The IMPACT framework and implementation for accessible in silico clinical phenotyping in the digital era

npj Digital Medicine volume 6, Article number: 132 (2023) Cite this article

1678 Accesses
14 Altmetric
Metrics details

Subjects

Abstract

Clinical phenotyping is often a foundational requirement for obtaining datasets necessary for the development of digital health applications. Traditionally done via manual abstraction, this task is often a bottleneck in development due to time and cost requirements, therefore raising significant interest in accomplishing this task via in-silico means. Nevertheless, current in-silico phenotyping development tends to be focused on a single phenotyping task resulting in a dearth of reusable tools supporting cross-task generalizable in-silico phenotyping. In addition, in-silico phenotyping remains largely inaccessible for a substantial portion of potentially interested users. Here, we highlight the barriers to the usage of in-silico phenotyping and potential solutions in the form of a framework of several desiderata as observed during our implementation of such tasks. In addition, we introduce an example implementation of said framework as a software application, with a focus on ease of adoption, cross-task reusability, and facilitating the clinical phenotyping algorithm development process.

FHIR Genomics: enabling standardization for precision medicine use cases

Article Open access 18 March 2020

GenomeDiver: a platform for phenotype-guided medical genomic diagnosis

Article 10 June 2021

High-throughput phenotyping with electronic medical record data using a common semi-supervised approach (PheCAP)

Article 20 November 2019

Introduction

The rapid proliferation of the Electronic Health Record (EHR) and the associated availability of voluminous digitized clinical data has led to tremendous interest in the development of digital health applications. Crucial to this is the ability to subset patients using clinical inclusion and exclusion criteria: commonly referred to as clinical phenotyping, patient screening, or cohort retrieval^1,2 (see Fig. 1). Traditionally conducted manually, there has been great interest in accelerating phenotyping via in-silico means^3,4. Cross-task generalizable solutions for in-silico phenotyping, however, are not widespread⁵.
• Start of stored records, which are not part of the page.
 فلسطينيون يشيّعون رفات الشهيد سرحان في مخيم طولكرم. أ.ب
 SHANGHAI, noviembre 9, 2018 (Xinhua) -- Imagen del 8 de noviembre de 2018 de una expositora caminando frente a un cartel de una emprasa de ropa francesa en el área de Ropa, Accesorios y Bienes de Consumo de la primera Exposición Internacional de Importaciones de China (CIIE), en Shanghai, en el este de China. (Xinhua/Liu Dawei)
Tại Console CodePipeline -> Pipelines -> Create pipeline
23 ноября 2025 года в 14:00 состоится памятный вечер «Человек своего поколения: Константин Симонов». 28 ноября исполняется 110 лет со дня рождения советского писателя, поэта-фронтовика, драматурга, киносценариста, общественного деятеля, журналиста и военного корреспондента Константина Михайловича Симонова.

**Fig. 1: An example NLP-based clinical phenotyping task.**

In this work, we introduce Intelligent Machine for Patient Accrual and Classification Tasks (IMPACT), a framework and an example implementation highlighting desiderata for accessible and re-usable in-silico phenotyping tools as observed through our efforts in delivering in-silico phenotyping solutions.

The IMPACT framework for accessible in-silico clinical phenotyping

Variations in task-specific factors such as complexity, required information, and desired results⁶ have hindered implementation of task-generalizable phenotyping solutions^7,8. Here, we present several desiderata for in-silico phenotyping tools, as well as existing approaches, where applicable.
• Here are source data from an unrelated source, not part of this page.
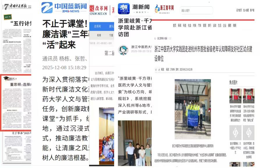 三、学院省级及以上新闻媒体报道创新高。全年累计在学习强国、中国中医药报、中国蓝新闻、改革网、潮新闻、浙江新闻周刊等各级媒体平台上发布24篇新闻报道,创历史新高,营造良好舆论氛围。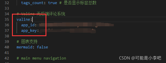 找到 valine 将刚刚赋值的AppID、AppKey粘贴进来  -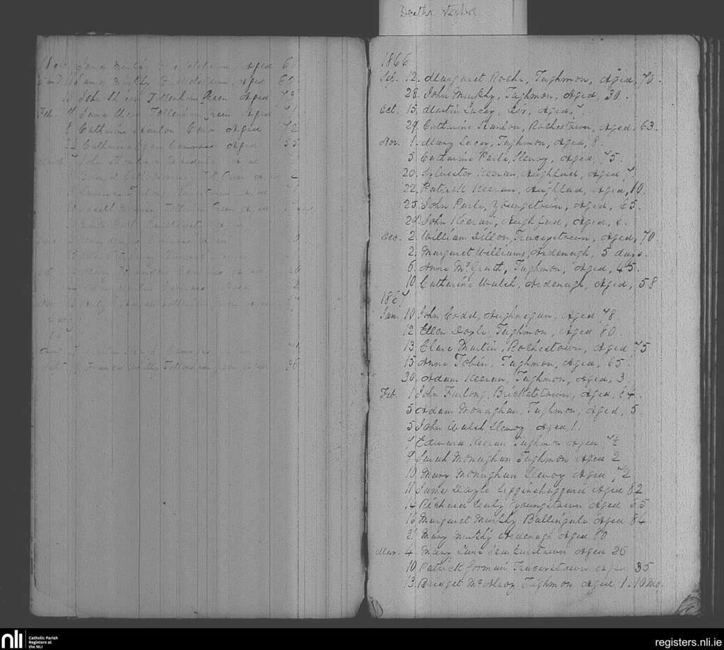Taghmon; County of Wexford; Diocese of Ferns. Deaths, Jan. 1866 to Mar. 1867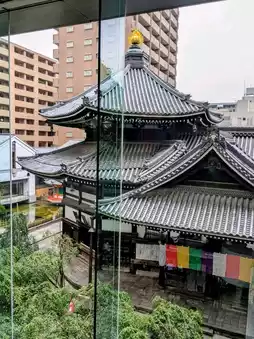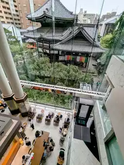 The special thing about Rokkakudo is that it is surrounded by office buildings on all sides. It is quite difficult to capture the Rokkakudo in the photo. The best location is to see the entire building of Starbucks in front through the glass floor-to-ceiling windows.

Desideratum I: Be infrastructure-flexible and scalable

Adapting software products is generally easier than switching computing infrastructure, necessitating flexibility in data inputs/outputs and computing infrastructure. This can be accomplished through built-in support for various popular setups, for both data repository type (e.g., SQL, Elasticsearch⁹, MongoDB¹⁰, BigQuery¹¹, Fast Health Interoperability Resources (FHIR)¹² datastores) and model (e.g., Observational Medical Outcomes Partnership (OMOP)¹³ and PCORnet¹⁴ Common Data Models (CDMs)).

In addition, tools must be scalable as it would otherwise be unfeasible to run phenotyping across largescale datasets without significant engineering effort/time, particularly when involving data sources requiring natural language processing (NLP) or image processing to extract clinical information.

Desideratum II: Support both ranked score and boolean retrieval schemes

Determining patient classification as a boolean true/false may not always be ideal. Instead, score-based ranking on closeness of match may be appropriate¹⁵, particularly during algorithm refinement due to missing evidence (e.g., relevant information not present in data sources used). Boolean retrieval, where patients are classified as either fully matching or not matching a given phenotype, fails to produce results when missing evidence is present. Conversely, ranked retrieval will surface patients that may be missing only a subset of the criteria for further review. Boolean retrieval, however, may still be appropriate once an algorithm matures (e.g., for large-scale cohort accrual), necessitating support for both retrieval modes.

Clinical CDMs such as OMOP¹³ and PCORnet¹⁴ possess boolean retrieval capabilities. Ranked-based retrieval, however, is relatively less prevalent, and approaches focus on unstructured text. Examples of such efforts include the Electronic Medical Record Search Engine (EMERSE)¹⁶ and Cohort Retrieval Enhanced by the Analysis of TExt (CREATE)¹⁷ systems, as well as the adoption of various open-source frameworks such as Apache Lucene¹⁸, Solr¹⁹, and Elasticsearch⁹ for institution-specific implementations.

Desideratum III: Support multi-modal retrieval and result integration

Fully determining whether a patient matches a phenotype may not always be possible with the information contained within any single data source, requiring additional data sources, e.g., for information documented in clinical narratives^20,21,22 as opposed to within structured EHR data records, or information from radiology images and associated reports^23,24,25.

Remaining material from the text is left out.